Unmanned aerial vehicles (UAVs), known for their agile flight capabilities, require safe trajectory planning to achieve high-speed flights. This is necessary to swiftly evade obstacles and adapt trajectories under hard real-time constraints. These adjustments are essential to generate viable paths that prevent collisions while maintaining high speeds with minimal tracking errors. This paper addresses the challenge of enhancing the safety of agile trajectory planning. The proposed method combines a supervised learning approach, as teacher policy, with deep reinforcement learning (DRL), as student policy. Initially, we train the teacher policy using a path planning algorithm that prioritizes safety while minimizing jerk and flight time. Then, we use this policy to guide the learning of the student policy in various unknown environments. Testing in simulation demonstrates noteworthy advancements, including an 80% reduction in tracking error, a 31% decrease in flight time, a 19% increase in high-speed duration, and a success rate improvement from 50% to 100%, as compared to baseline methods.

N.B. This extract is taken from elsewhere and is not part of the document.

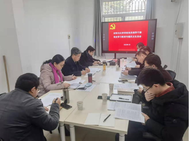 2022年1月17日上午,学院领导班子在南望山校区石材厂A201召开党史学习教育专题民主生活会。王华副校长到会指导,院党委书记黄菊同志主持会议。
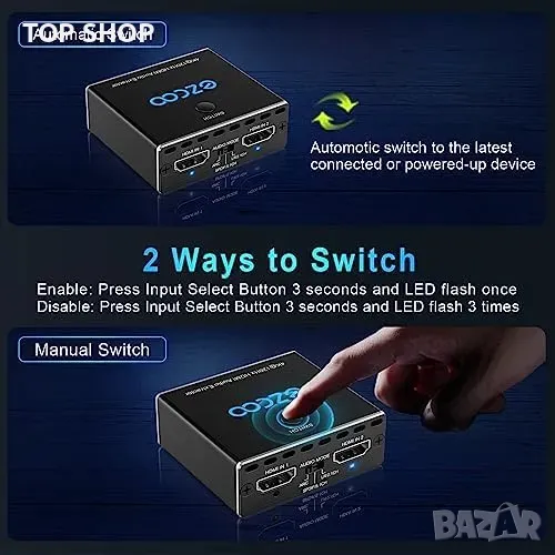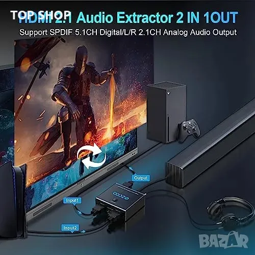 HDMI 2.1 4K 120Hz 2x1 Audio Extractor】2 порта HDMI 2.1 2 в 1 Audio Extractor лесно споделя видео и аудио от 2 различни HDMI източника с 1 HDMI дисплей. Можете лесно да свържете външни високоговорители, усилватели, звукови ленти и приемници към вашата система за филми/игри чрез HDMI (7.1CH аудио)/оптичен/3,5 мм. Добавяне на портове добавяне на портове отнема в C ARC Превключване с бутон

Place, publisher, year, edition, pages
IEEE , 2024. p. 3076-3083
Series
IEEE International Conference on Intelligent Robots and Systems, ISSN 2153-0858, E-ISSN 2153-0866
National Category
Robotics and automation
Identifiers
URN: urn:nbn:se:liu:diva-212760DOI: 10.1109/IROS58592.2024.10801910ISI: 001411890000326Scopus ID: 2-s2.0-85216502840ISBN: 9798350377712 (print)ISBN: 9798350377705 (electronic)OAI: oai:DiVA.org:liu-212760DiVA, id: diva2:1949246
Conference
2024 International Conference on Intelligent Robots and Systems, Abu Dhabi, U ARAB EMIRATES, oct 14-18, 2024
Note

Funding Agencies|Federal Agency for Support and Evaluation of Graduate Education (CAPES); National Council for Scientific and Technological Development (CNPQ); Swedish-Brazilian Research and Innovation Center (CISB) [200056/2022-0, 200051/2022-9]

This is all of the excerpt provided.